In fact, if you don’t know someone who knows the place, and if you don’t
ask locals for its location then you can pass by it over and over and you can’t
be faulted for not finding it at all.
Sammy, my friend has been boasting of this place for some
time already. Because he is known to
find anything that he can eat delicious, I did not really have high
expectations about the food. I was more looking
forward to sharing a bike ride with him, a newbie.
Sammy and I arrived there a good 30 minutes before 5pm. As I said there’s not much visual cues to give
you an inkling that the place is a highly recommended food stop.
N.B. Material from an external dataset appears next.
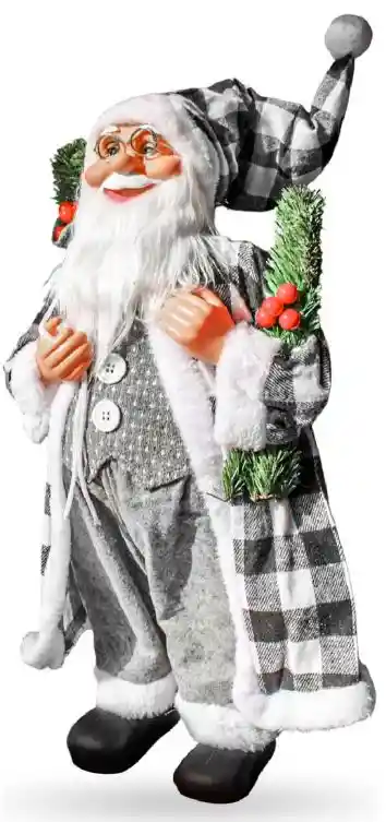 Transforma tu hogar en un espacio lleno de magia con este Papá Noel Decorativo Premium de 60 cm, diseñado para resaltar cualquier ambiente con su estilo elegante, moderno y altamente realista. Su ropa en tonos grises, detalles tejidos y accesorios festivos lo convierten en un adorno perfecto para salas, entradas, vitrinas, oficinas y árboles de Navidad. Fabricado con materiales resistentes, colores nítidos y acabados de alta calidad, este Noel está pensado para acompañarte cada temporada navideña sin deteriorarse. Su estructura firme permite colocarlo en cualquier superficie de interior o exterior protegido. Ideal para quienes buscan una decoración navideña sofisticada, moderna y duradera. BENEFICIOS PRINCIPALES Diseño realista y elegante Su expresión detallada, gafas metálicas y acabado premium elevan la decoración navideña. Perfecto para cualquier espacio Decora salas, entradas, habitaciones, oficinas, vitrinas, locales comerciales y recibidores. Material resistente y de larga duración Estructura plástica firme, tela suave y detalles de alta calidad para uso por años. Tono neutro moderno El diseño en blanco, gris y cuadros tipo “buffalo check” combina con árboles blancos, grises, plateados o tradicionales. Listo para exhibir No necesita armado y se mantiene estable en cualquier superficie.

It resembles more an abandoned concrete house
with a small frontage that is lined by concrete tables paired with concrete
benches crudely constructed to look like calesa seats with wheel armrests. Overhead is a tall kamias tree with mature fruits
about to fall on its own; some already did and are squished flat on the ground
by footfalls. To the side of the house
are several mini bamboo huts that look like they are dangerously close to
collapsing on unwary customers.
The house itself was dark and you wouldn’t know that it is
inhabited if not for an old man wearing an oversized shirt and cargo shorts
coming in and out of the very open front door.
He was stocking his display counter with one steaming dish after another,
pork adobo swimming in its own fat, fried chicken wings with signs of chili
flakes, rebosado, pakbet, tapa and others.
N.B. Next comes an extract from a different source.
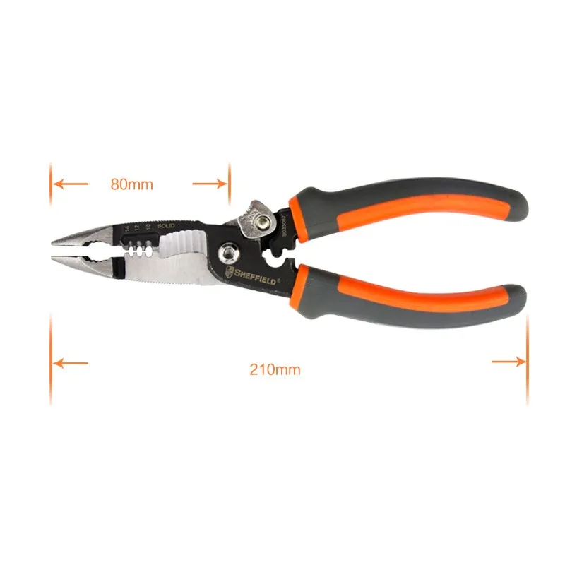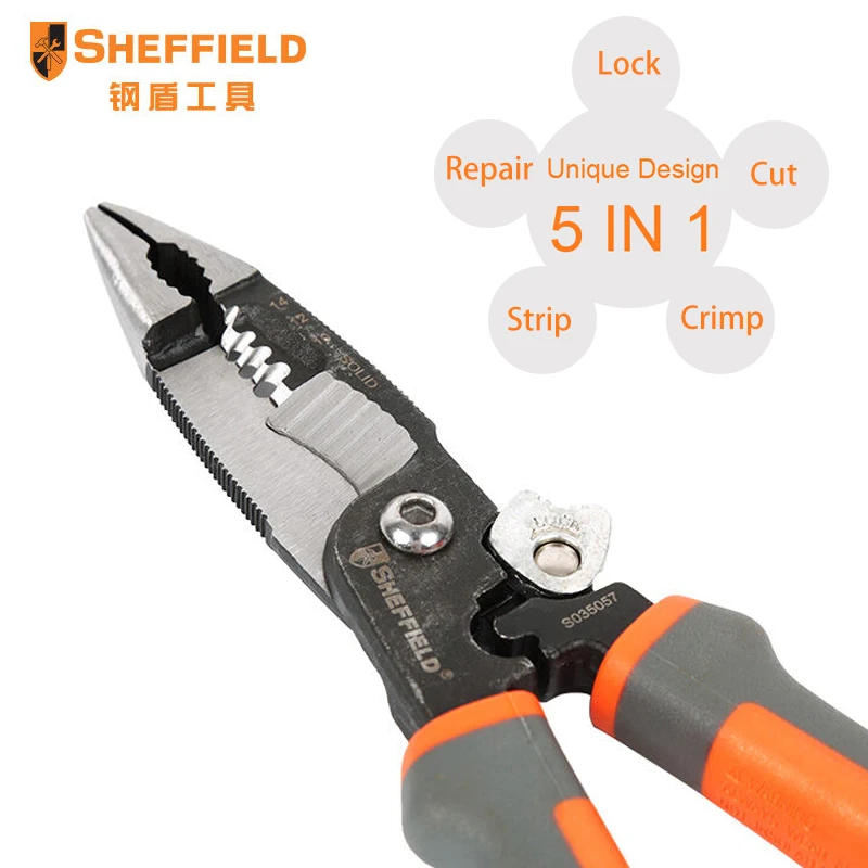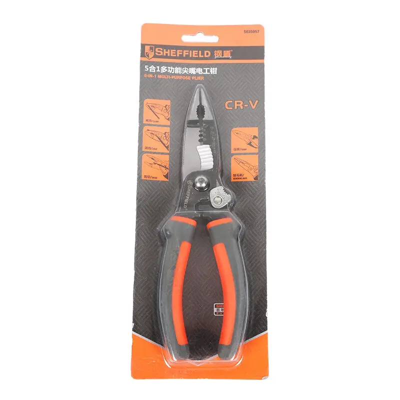 Щипцы SHEFFIELD, 8 Дюймов, 5 в 1, многофункциональные плоскогубцы для электрика, кусачки для зачистки проводов, обжимные плоскогубцы S035057

They all looked and smelled tasty, but we were there for the sisig.
The old man informed us that he was preparing the sisig
last, but he offered us an appetizer, what he called seafood salad, a special
dish that he only serves on Fridays. A plate of salad won’t ruin our appetite if it’s good, and at P40 a serving, wouldn’t
hurt the pocket if it’s bad.
When the old man brought us his salad, I can’t help but
smile because it looked like something that can be served in a much more
expensive restaurant. The plating was
almost exquisite. A generous heap of
lettuce and tomato slices bordered an avocado fruit sliced in half which
contains, aside from its succulent flesh, an assortment of steamed shrimps,
tahong and squid. The salad is
accentuated by a simple mayonnaise/ketchup dressing sprinkled with sesame seeds
and balanced off by freshly squeezed calamansi and a hint of ginger shreds.
The salad did not last long and soon Sammy was spooning remnants
of the dressing and leftover morsels into his mouth as we awaited our main
order. My taste buds’ first encounter
left me with skyrocketing expectations.
By then it was almost 5pm and customers slowly began
trickling in, some by car, others by foot.
It was obvious that this barangay’s watering hole has already built
quite a reputation even to non-locals.
The sisig came, sizzling, hot and aromatic, followed shortly
by two plates, each with four mounds of rice rolled in some orange concoction.
Believe it or not, and I can’t believe it at first, each plate of rice costs
only P10.
I thought the rice was too much for one sitting. But when I stirred in a few bits of the sisig
with a spoonful of rice into my mouth I realized that the first bite should be
followed immediately by another, then another.
Soon, I was looking at an almost empty plate which would be a sin if I
left it that way. So I diligently
scraped the little sisig left on the sizzling plate and merged them in my mouth
with the last remaining rice.
The meal was heavy and a bit early for dinner. But it was satisfying, fun, and an adventure
that is worth doing all over again, and is certainly a great deal what with the
measly P128 that we have to shell out for such a flavorful meal. I’m pretty sure that the other dishes in the
display counter are equally good, but they have to wait for another visit.
The ride home was slower because Sammy, the newbie, felt the
added weight in his every stroke of the pedal.
But we were not in a hurry. When
you’ve just had a beautiful meal, you would want to take it slow.
There are two Talisays in Lipa; one is beside Taal Lake and
is known as the gateway to Taal Volcano, the other is at the footstep of the
Malarayat mountain range – this is where we had our sisig.